Neural Radiance Fields (NeRFs) have shown great potential in novel view synthesis. However, they struggle to render sharp images when the data used for training is affected by motion blur. On the other hand, event cameras excel in dynamic scenes as they measure brightness changes with microsecond resolution and are thus only marginally affected by blur. Recent methods attempt to enhance NeRF reconstructions under camera motion by fusing frames and events. However, they face challenges in recovering accurate color content or constrain the NeRF to a set of predefined camera poses, harming reconstruction quality in challenging conditions. This paper proposes a novel formulation addressing these issues by leveraging both model- and learning-based modules. We explicitly model the blur formation process, exploiting the event double integral as an additional model-based prior.
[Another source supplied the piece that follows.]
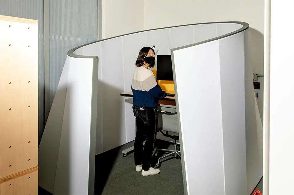 这款工作舱外壳覆盖着灰色毛毡,两侧还可以伸出挡板,避免更多的窥视与干扰。工作舱内部用背光 LED 灯来照明,变化的灯光颜色可以提供更好的工作氛围。
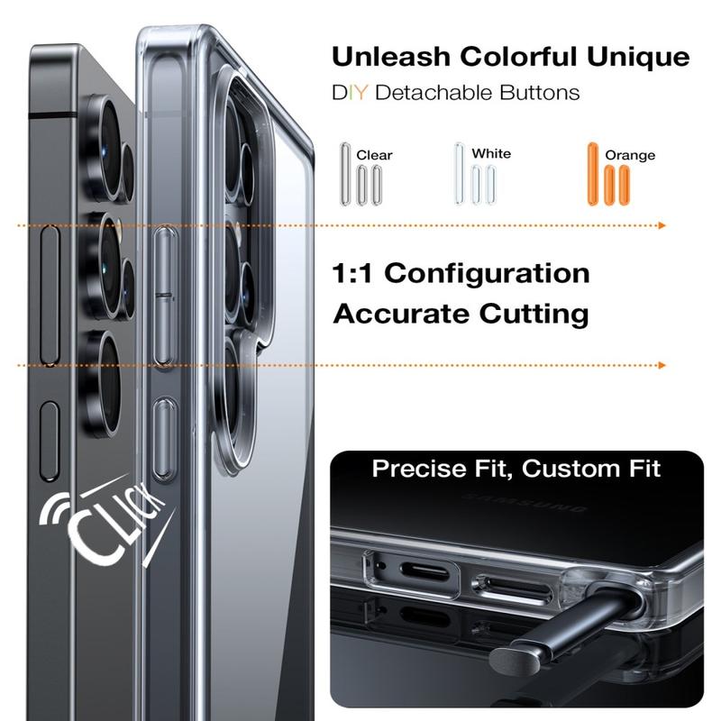 A capa inclui três conjuntos de cores de botões intercambiáveis, permitindo-lhe personalizar o aspeto do seu Samsung Galaxy S26 Ultra. Troque facilmente os botões para combinar com o seu estilo, roupa ou disposição e crie uma aparência única e personalizada.

Additionally, we model the event-pixel response using an end-to-end learnable response function, allowing our method to adapt to non-idealities in the real event-camera sensor. We show, on synthetic and real data, that the proposed approach outperforms existing deblur NeRFs that use only frames as well as those that combine frames and events by +6.13dB and +2.48dB, respectively.

Figures (9)

• Figure 1: Ev-DeblurNeRF combines blurry images and events to recover sharp NeRFs. A motion-aware NeRF recovers camera motion and a learnable event camera response function models real camera's non-idealities, enabling high-quality reconstructions.
• Figure 2: Architecture of the proposed Ev-DeblurNeRF model. For each given ray $\mathbf{r}(\mathbf{u},t)$, placed at the center of the exposure time $\tau$, we estimate a set of warped rays $\mathbf{r}_q$ using $G_{\boldsymbol{\Phi}}$. We then sample features from an explicit volume $\mathcal{V}$ and fed these features to $F_\Omega$ to compute blurry colors through weighted averaging with $L_\text{blur}$. We supervise the color at the center of the exposure time through $\mathcal{L}_{EDI}$ by recovering a prior-based sharp color using the event double integral, considering all events in the exposure time. Finally, we sample a pair of two consecutive events, and supervise their brightness difference, modulated by eCRF, using the observed polarity value via $\mathcal{L}_{ev}.$
• Figure 3: Qualitative comparison on synthetic (top) and real-world camera motion blur (bottom). Ev-DeblurNeRF recovers sharp and fine details, such as the letters in the last example, as well as accurate colors, outperforming other event-based and image-only methods.
• Figure 4: Analysis of the robustness to sparse training views (left) and motion blur intensity (right) on samples from the Ev-DeblurCDAVIS data.
• Figure 5: Qualitative ablation study of the main components of the proposed Ev-DeblurNeRF network. Tables below each picture are drawn from Table 3 of the paper, and report the configuration used and the PSNR metric achieved in each case.